Autorizada pelo ministro Alexandre de Moraes, do Supremo Tribunal Federal, a Operação Akuanduba, nome de uma divindade dos índios Araras, também atinge outros servidores da pasta. O presidente do Ibama, Eduardo Bim, foi afastado do cargo. Os sigilos bancário e fiscal do ministro foram quebrados.

Ricardo Salles é considerado um dos ministros mais eficientes de Bolsonaro. Ele não pode ser chamado de o "Pazuello do Meio Ambiente" porque, reconheçamos, Salles é esperto, o que o torna uma ameaça ainda maior para o futuro do planeta.

Sem chamar atenção por comportamentos circenses, agiu para demolir a fiscalização, regras e leis, enquanto mentia ao Brasil e ao mundo que o meio ambiente estava protegido.

Dessa forma, atende a madeireiros e garimpeiros que atuam de forma ilegal e fazem parte da base de apoio de Jair Bolsonaro, mas serve também ao naco anacrônico do agronegócio, que, ao agir de forma criminosa, coloca em risco a imagem e a qualidade dos produtos brasileiros.

A eficácia silenciosa do ministro ficou clara em uma reunião ministerial de 22 de abril de 2020, quando Salles recomendou ao seu chefe aproveitar a atenção da imprensa aos mortos e doentes pela covid-19 para enfraquecer as regras de proteção ambiental.

"Nós temos a possibilidade, nesse momento em que a atenção da imprensa tá voltada quase que exclusivamente pro covid (...), de ir passando a boiada e mudando o regramento", afirmou Salles, como pode ser visto no vídeo divulgado, no dia 22 de maio, após decisão do ministro Celso de Mello, do Supremo Tribunal Federal.

E ele vem conseguindo cumprir o seu objetivo, o que ajuda a explicar a investigação da PF.

A operação acontece após dois fatos. O primeiro é um pacote de ações que depõe contra o trabalho de controle e monitoramento do governo federal. Isso inclui um despacho do Ibama que permitiu a exportação de produtos florestais sem necessidade de autorização.

Havia uma insatisfação latente com as constantes podadas na fiscalização ambiental, desde 2019, que culminaram em instrução normativa do Ministério do Meio Ambiente de abril deste ano. A IN alterou o processo de fiscalização, impondo entraves. Servidores do Ibama e do ICMBio afirmam que isso provocou um "apagão" no processo de apuração de infrações.

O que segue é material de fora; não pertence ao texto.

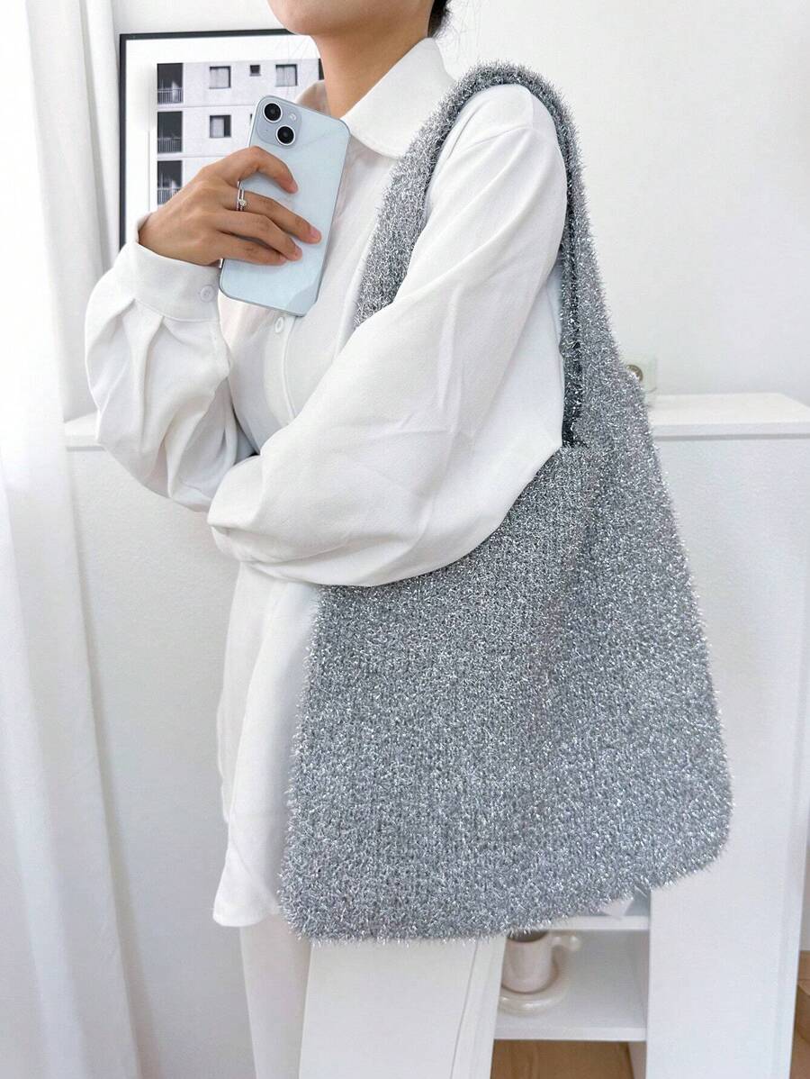 ENBEI 轻便、便携、时尚、简约的钩针编织包,饰有闪亮细节,闪亮针织晚宴包,女士闪亮手提包,奢华女士手提包,女士手拿包,适合派对、婚礼、伴娘、晚宴等场合,优雅女士之选,适合少女、女大学生、工作、商务、通勤,母亲节礼物,送给妈妈的礼物。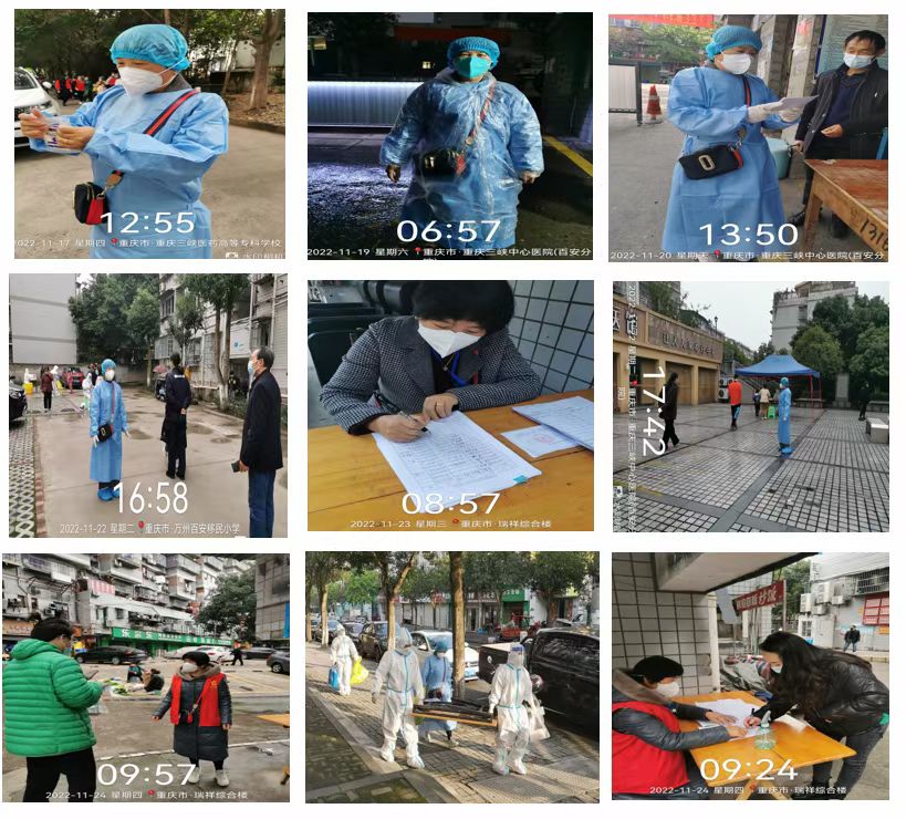 万州本次新冠疫情发生以来,11月中旬,支委成员郑代坤同志带领党员老师和“90”后青年教师共5名成员,前往万州区政府疫情联防联控指挥部、万州区卫健委,参与疫情流行病学特征分析,传播链梳理、风险评估,疫情趋势研判工作,提出防控策略与措施建议。谈及志愿行动的体会时,预防医学专业教师范明月谈到,我们既要能站上三尺讲台,又能真正开展实践指导,今后需要多“走出去”到行业一线去,更新知识,提升能力,作为一名党员教师,我会以更加饱满的精神状态,全力培养“医防融合”的复合型、应用型公共卫生人才。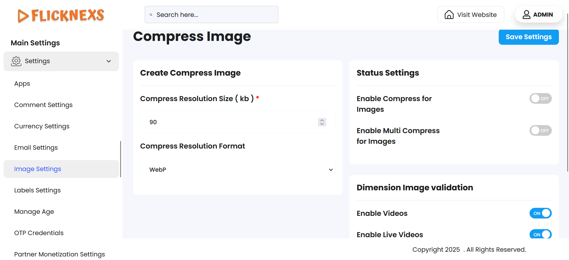 The Image Settings section allows you to manage and configure image-related preferences across your OTT platform. These settings ensure that images are optimized for performance, compatibility, and visual consistency on both web and mobile platforms.

O segundo foi a exoneração do Superintendente da Polícia Federal no Amazonas, o delegado Alexandre Saraiva. Responsável pela maior apreensão de toras da história do país, ele criticou Salles por ter saído em defesa dos madeireiros.

Disse que nunca tinha visto um ministro se manifestar contra uma ação para proteger a Amazônia. "É o mesmo que um ministro do Trabalho se manifestar contrariamente a uma operação contra o trabalho escravo", afirma. Saraiva chegou a enviar uma notícia-crime ao STF afirmando que Salles havia dificultado uma fiscalização ambiental e patrocinado interesses privados. Acabou substituído pelo governo Bolsonaro.

Ricardo Salles bateu de frente com uma das mais fortes corporações do país, a Polícia Federal. E apesar das ações de Bolsonaro para sequestrar instituições para suas necessidades políticas e pessoais, uma parte da Polícia Federal mostra que não aceita se tornar a guarda pretoriana de Jair.

Como o governo brasileiro vai explicar a investidores estrangeiros e outros países que a sua polícia investiga o seu ministro do Meio Ambiente por ajudar no comércio ilegal de madeira da floresta amazônica vai ser algo triste e interessante de se ver.